# Skydiving without a parachute or a wingsuit?

Recently I heard that a skydiver plummets 7600 meters onto a 30m$\times$30m net without a parachute or a wingsuit. I searched online and found a post, which said that a wingsuit is necessary. I have no idea about these technical terms and formulae. However, in this piece of news, no wingsuit but a net. I wonder how it's possible to

1. land in a 30m$\times$30m area (note the existence of wind),
2. survive under the terminal speed 55 m/s?
• Yes I'm skeptical of this too - how it is possible to aim so precisely. I mean, I've no doubt the stunt was truly done, but the guy always has an emergency chute with him and is said to need it many times. So I'm also wondering how many tries he's had to make to hit the net. Presumably his emergency chute can deploy in a few of hundred meters, so with experience I think he could fairly safely decide when his aim was good enough to hit the net (which is pretty big from 300m away) with enough time to abort if not, so he could "fairly safely" simply keep trying the stunt until he got lucky. – WetSavannaAnimal Jul 31 '16 at 13:50
• As for the net: apparently materials engineering is good enough to break the fall of someone like this. – WetSavannaAnimal Jul 31 '16 at 13:51
• Article with video: telegraph.co.uk/news/2016/07/31/… – K7PEH Jul 31 '16 at 17:01
• yahoo.com/news/… – Qmechanic Aug 1 '16 at 11:28

1. Presumably, experienced sky divers become good at steering with their body. Note that they routinely perform quite high-precision maneuvers relative to each other (whilst in the air, before opening a parachute). Small (short) gusts of winds will have limited effect, whilst a constant blow of wind is easily compensated by someone actively aiming. So whilst I certainly can't imagine doing it myself, it's not out of the realm of possibility that a trained expert can land in a designated 30 x 30 m area.

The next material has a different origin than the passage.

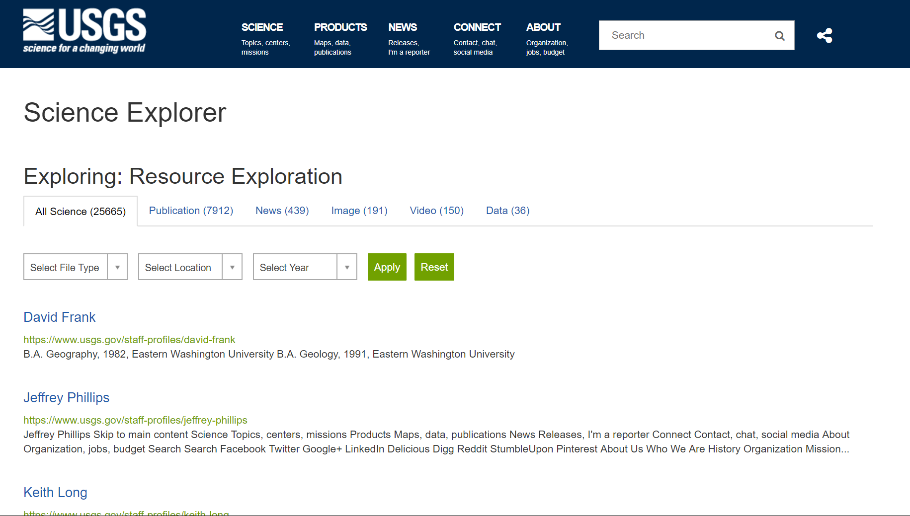 If you’re not familiar with the Science Explorer, when a member of the public searches this site, it returns results with links, dates, and descriptions corresponding to other Web resources, such as webpages, images, videos, and data, but it does not itself host that content.

2. Survival is largely a function of force or acceleration. Assuming the net to be specially engineered to provide a constant braking force would allow us to use the formula $2as = v^2$ to estimate the necessary elongation $s = \frac{v^2}{2a} \approx 5 \,\mathrm{m}$ of the net given a maximum tolerable short-time acceleration of (say) $a=30g \approx 300 \,\mathrm{m/s^2}$. This is a minimum value regardless of the actual force/elongation curve and it is only an order of magnitude estimate. But considering the huge elongations possible with e.g. bungee chord, 10 or even 10s of meters of elongation are conceivable in a 30 by 30 meter net. Hence I conclude that (with very careful engineering and optimization), the stunt you describe may just be possible with a human stuntman.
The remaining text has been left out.